Oil worker: ‘Turn bosses’ bribe over to party’
 
“Attached find a check for $1,484.77,” Philadelphia oil refinery worker Mitchel Rosenberg wrote to the Socialist Workers Party Feb. 4. “This ’bonus’ is based on ‘productivity’ and ‘safe work hours,’ at a time when workers in refineries around the U.S. are on strike, fighting against unsafe conditions and injuries caused by the bosses’ relentless drive for ever-greater profits.” Rosenberg said his local’s contract doesn’t expire until September.

Bonuses of this kind — given by capitalists in an effort to bribe workers to accept speedup and forced overtime and not to report injuries so the bosses can record “accident-free” quarters — are referred to as ”blood money” by supporters of the communist movement, who put them to good use, turning them over to the SWP’s Capital Fund to help finance the party’s long-range work.

“I can’t think of a better thing to do with this blood money than to contribute it to the party that will back the strike to the end, while fighting alongside oil workers and the rest of the class until the brutal profit system goes up the smokestack of history,” Rosenberg wrote.

Over the past two months seven workers contributed “productivity” and “safety” bonuses and other bribes from bosses totaling $2,822.07 to the party fund.

Three Philadelphia workers sent $50 each for ”gift cards” they received after rail car maker Hyundai Rotem laid them off.

Dave Ferguson from Atlanta sent $510.90 received as a bribe from bosses at the Yamaha automotive plant where he works.

Ellie García in Los Angeles sent blood money from two companies that had to pay former employees as a result of successful class-action lawsuits for unpaid time, and a $181.05 year-end bonus from the aerospace company where she works.

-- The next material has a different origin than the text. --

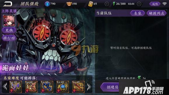 团队系列:团队强敌这个是英雄有几率获得(出战英雄)专属神器的地方,过关之后可以开宝箱每天每个英雄限制开一次(需要消耗钥匙,每天系统送5个钥匙。顺便说一句钥匙溢出了就不送了,数量上限20个,拥有超过20个的系统不会送了,充值vip基本都会超过,我想也不在乎这点了),玩家与玩家组队对刷副本的地方。(抱大腿的地方,前提你要加一个高战的好友 刷起来就简单了)战力有一定要求,有推荐战力,通过测试感觉上面写的推荐数字并不代表玩家战力总和,有玩家说过三个战力总和超过了还是一样打不过,同高手副本一样可以慢慢升级属性再打。
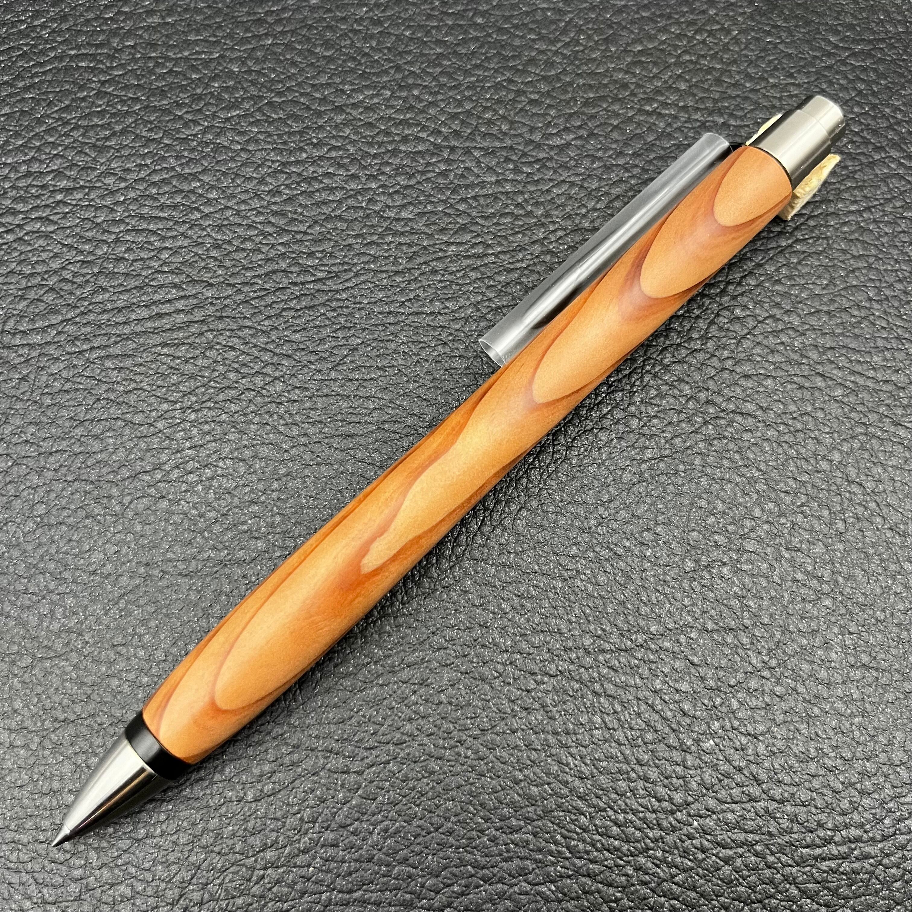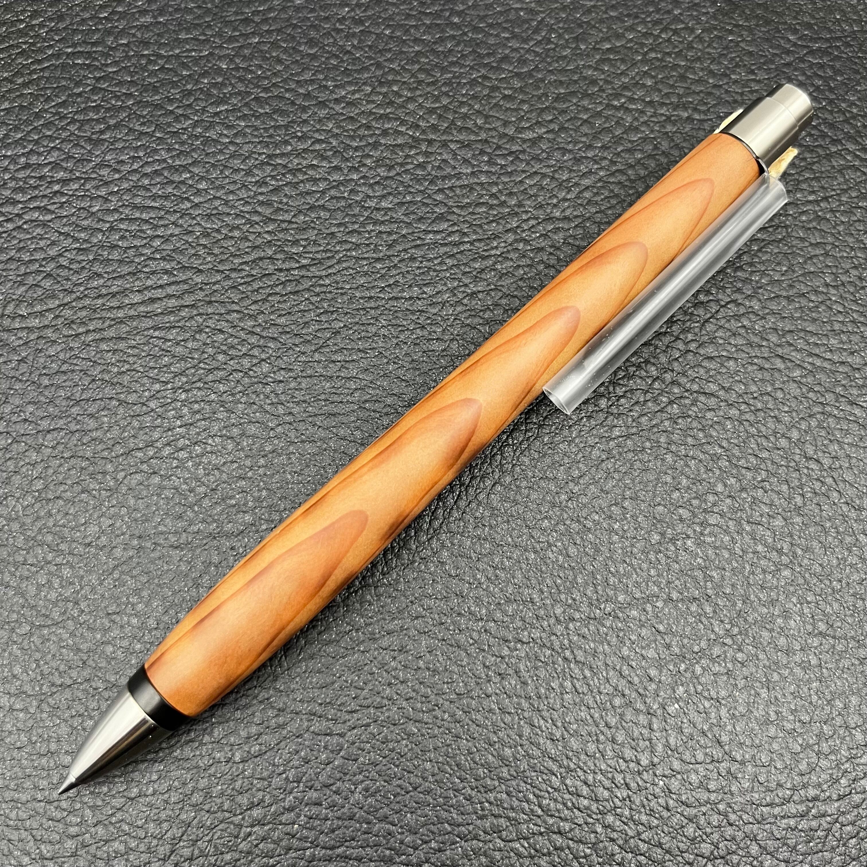 ボールペンのノックシステムは、ドイツ最高のクリックメカニズムを採用してあります。このメカニズムはユニークな機構のため、クリックしたときのカチカチ音が静かで、どんな場所でも気兼ねなく使うことができます。滑らかに動くこのプッシュ感覚を一度味わうと他には戻れなくなってしまうほどの魅力があります。 100分の1単位の加工精度で削り出されたペン先は、軸ブレも全くありません。

Clint Drake in Seattle, who also works at an aerospace plant, sent $349 from “holiday,” “profit-sharing” and “birthday” bonuses. Since the bosses defeated a union-organizing drive last year they have stepped up use of such bribes to try and forestall future union efforts. “Let the bribes become their opposite by using them to build the workers’ movement,” Drake wrote.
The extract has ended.